The Dangerous Lives of Altar Boys
A Film by Peter Care
written by Jeff Stonewell and Michael Petroni


The new film from Peter Care, written by Jeff Stonewell and Michael Petroni from the novel by Chris Fuhrman is an innovative and well-made film that contains some powerful moments, but suffers from an overabundance of elements. The performances are fine, the direction generally restrained and careful, the production values high and the writing spare and accurate. The problem lies in failing to adapt the novel so as to make it into a concise and compelling film.

This is a perennial problem with literary adaptations, and one I have discussed before. The Dangerous Lives of Altar Boys is not the first production that has foundered on this reef, nor will it be the last. The leisurely pace and wealth of detail that can make reading a complex novel so enjoyable do not translate easily to film.

Pacing is not a problem here. In fact, the story is so full of incident that the rush from event to event sometimes overwhelms the subtler points of characterization and the development and transformation of relationships. There is a conflict between trying to get the story told and trying give a compelling, emotionally satisfying picture of the complex and delicate psychological dance among the various characters.

One result of this is that situations that my have been completely believable in the novel, slowly developed over several hundred pages, can - like the climactic event here - seem somewhat melodramatic when pared down to the limited amount of detail and background that can be included in a film.

The limitations placed on the complexity of character is another aspect of adaptation with which filmmakers have to deal. A notable example of this is in the depiction of the character of Sister Assumpta (played by co-producer Jodie Foster after her first choice for the role dropped out).

Assumpta is a sincere, well-meaning, dedicated woman. Her faith is her life and her devotion to her calling is all-consuming. The conflict between her values, her world-view and that of her young students, and the wrenching failure of communication between them could have been the stuff of a fascinating film in itself.

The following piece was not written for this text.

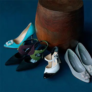 マノロ ブラニクの美しいフォルムの靴は、履くだけで気持ちも上がり、一点投入すれば理想の華やかさが手に入る。「ローヒールやミドルヒール、美しいローファーなどにも名品が多く目が離せません」(戸野塚)。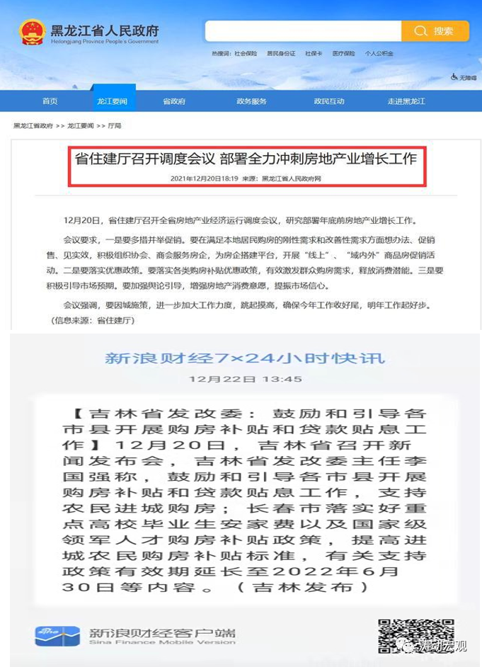 例如,2021年12月20日,黑龍江省政府發布《省住建廳召開調度會議部署全力沖刺房地產業增長工作》(21日這一新聞便官網被撤下),稱黑龍江省住建廳召開全省房地產業經濟運行調度會議,要求要想辦法促銷售,落實購房補貼政策,提振市場信心。

Assumpta, with her wooden leg, her repressed demeanor and her profound frustration at her failure to make her charges understand what she understands, is an intriguing character about whom a viewer can't help but wish to know more. But she is only one of five or six major characters, all of whom demand attention and time in the course of this brief, hour and forty-five minute film. As a result, the complicated interplay between her character and the others feels incompletely represented and therefore somewhat contrived.

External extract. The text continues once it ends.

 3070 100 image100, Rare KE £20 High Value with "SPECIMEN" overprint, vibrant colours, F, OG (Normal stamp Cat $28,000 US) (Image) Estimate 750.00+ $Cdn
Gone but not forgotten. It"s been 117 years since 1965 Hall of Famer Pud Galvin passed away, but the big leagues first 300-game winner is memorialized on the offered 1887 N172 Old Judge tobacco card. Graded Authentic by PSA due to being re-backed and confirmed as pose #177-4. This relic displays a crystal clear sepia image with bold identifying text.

The chief failure in this area is with the character of Tim Sullivan (Kieran Culkin). Tim is a central character, the instigator of most of the action in the film, and the catalyst for the coming-of-age transformation of his close friend Francis Doyle (Emile Hirsch). In order to be able to accept Tim as something more than a convenient plot-device, we need to know who is, to see why he does the things he does.

Unfortunately, the film gives us little to go on. We know he is daring and rebellious; we know his parents argue and are getting divorced; we know he has a personality conflict with Sister Assumpta, at least partly based in his own authority problems; but we don't get much insight into the foundations of these character traits, the meanings he attaches to these events in his life that would connect us more directly to who he is and bring him more fully to life. He becomes a sort of generic "acting-out adolescent."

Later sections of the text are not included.